Suppose I do it the other way around, lifting the object from the ground ($h=0$) upwards and suppose I have to do it in two case scenarios:

A. Apply initial force $F_o \gt MG$ at $h=0$ for it to gain an initial velocity and then at $h>0$, $F(h) = MG$ such that it would only possess a constant velocity.

B. Apply a constant force $F>MG$ and $F-MG=F_n\lt MG$ from the ground upward. In this case, the object is gaining more speed and attains maximum velocity at $h$.

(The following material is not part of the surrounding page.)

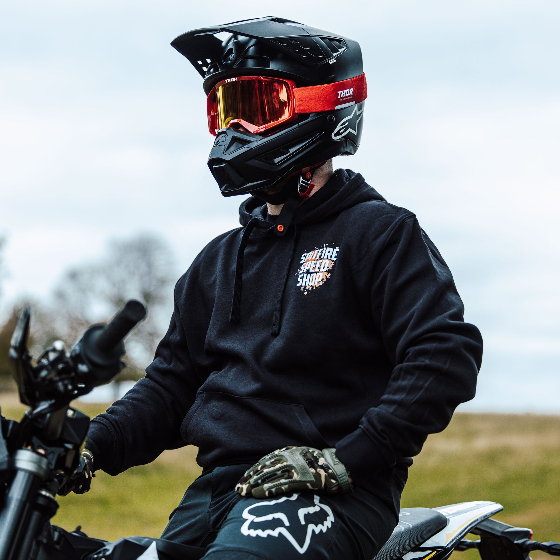 Spitfire Speed Shop – SEND IT Hoodie with orange logo.

I was told that the work required would still be the same for these two cases, $MGH$, but I don't know if this is valid. I tried doing the same process as above but I get work close to $0$ for case A since the net force is $0$ for $h>0$, and for case B, $$\int_a^bF(x)dx = \int_0^hF(h)dh = F_n\int_0^hdh\lt MGH $$. Is this correct?

UPDATE:

Thank you for the reply. Also, I'm sorry for the late response. In the case of the object falling due to the pull of gravity, does it mean that the net work done is $0$ if suppose at $h=H$ and $h=0$, the velocities are both zero using the work-energy theorem? Also, I think it would be more beneficial to "make up" sub-cases for this scenario to further clarify not only my understanding but also for others who don't have the detailed knowledge regarding this topic. Let us assume that at $h=H$, the velocity of the object is 0, and then after gaining kinetic energy, the ball has attained positive velocity at the immediate point after dropping, call this $h = H_i\lt H$. At the point immediately prior to impact $h=H_f\gt 0$, the object should have attained maximum velocity so that at $h=0$, the object is already at rest. Also let the work done be a function of any pair of these four points: $$W=W(P_1,P_2)$$

Of these 6 possible pairs, the following 4 are considered to be the most rewarding: $(H,0)$,$(H,H_f)$,$(H_i,H_f)$,$(H_i,0)$. The work done across these pairs are: $$W(H,0)=0$$ since the initial and final velocities are the same. $$W(H,H_f)=MGH$$ This should be true since the object has lost all of its gravitational potential energy at $h=H_f$. $$0\lt W(H_i,H_f)<MGH$$ In this case $W(H_i,H_f)$ is close to $MGH$. Finally, $$W(H_i,0)<0$$ because the velocity at $H_i$ is greater than the velocity at $h=0$. Also $W(H_i,0)$ is close to 0.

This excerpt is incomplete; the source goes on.